High temperature lifetime of polyimide/poly(silsesquioxane)-like hybrid films

Abstract

Decomposition kinetics in thermogravimetric analysis (TGA) and dynamic mechanical relaxation in dynamic mechanical analysis (DMA) are used to study the high temperature lifetime of the new type of polyimide/poly(silsesquioxane)-like (PI/PSSQ-like) hybrid films, which are designed to form three-dimensional structures with linear polyimide blocks and a crosslinked PSSQ-like structure. Both TGA and DMA analysis reveal that the PI/PSSQ-like hybrid films have a longer lifetime (are more reliable) with regard to their thermal and mechanical characteristics than that of pure PI. Even just 2 wt% of p-aminophenyltrimethoxysilane (APTS) in a PI/PSSQ-like hybrid film can significantly improve the service lifetime by as much as at least four times in a TGA decomposition kinetic study.
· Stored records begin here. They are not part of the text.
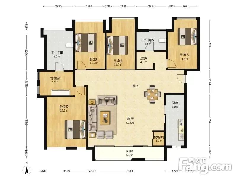 珠宾花园 4室2厅 134.66平
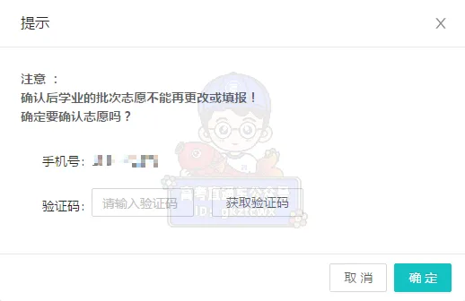需要点击“志愿确认”按钮获取短信验证码(发送到高考报名时绑定的手机),输入收到的验证码进行网上志愿确认,到这一步,就已经完成志愿填报。
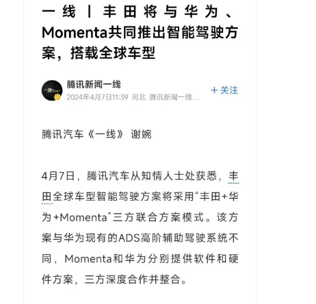 近日,有媒体报道称,丰田全球车型智能驾驶方案将采用“丰田+华为+Momenta”三方联合方案模式。其中,Momenta负责智驾相关的软件,而华为负责硬件解决方案。对于华为来说,如果后期项目顺利落地,那无疑是一个重大的突破。虽然丰田并没有整个引入华为ADS 2.0智驾方案,但是一旦华为给丰田智驾系统提供芯片,这也足以被视为一个里程碑意义的事件。

The dynamical relaxation data are well fitted to the calculated WLF (Williams-Landel-Ferry) master curves. In a series of X-PIS (PI modified with APTS) hybrid films, decreasing the PI block chain length increases the decomposition activation energy, lifetime (in both TGA and DMA) and relaxation modulus. In a series of X-PIS-y-PTS [PI modified with APTS and phenyltrimethoxysilane (PTS)] films, the decomposition activation energy and lifetime (in TGA) increase with the PTS content. Interestingly, the dynamic mechanical relaxation modulus of 10000-PIS-100-PTS film is lower than that of the corresponding 10000-PIS film at frequency > 10(2) rad/sec, but higher at frequency < 10(2) rad/sec. The 10000-PIS-100-PTS has a lower relaxation time than the 10000-PIS at the modulus 5x10(8) Pa, but the relaxation time of the former becomes higher at 5x10(7) Pa.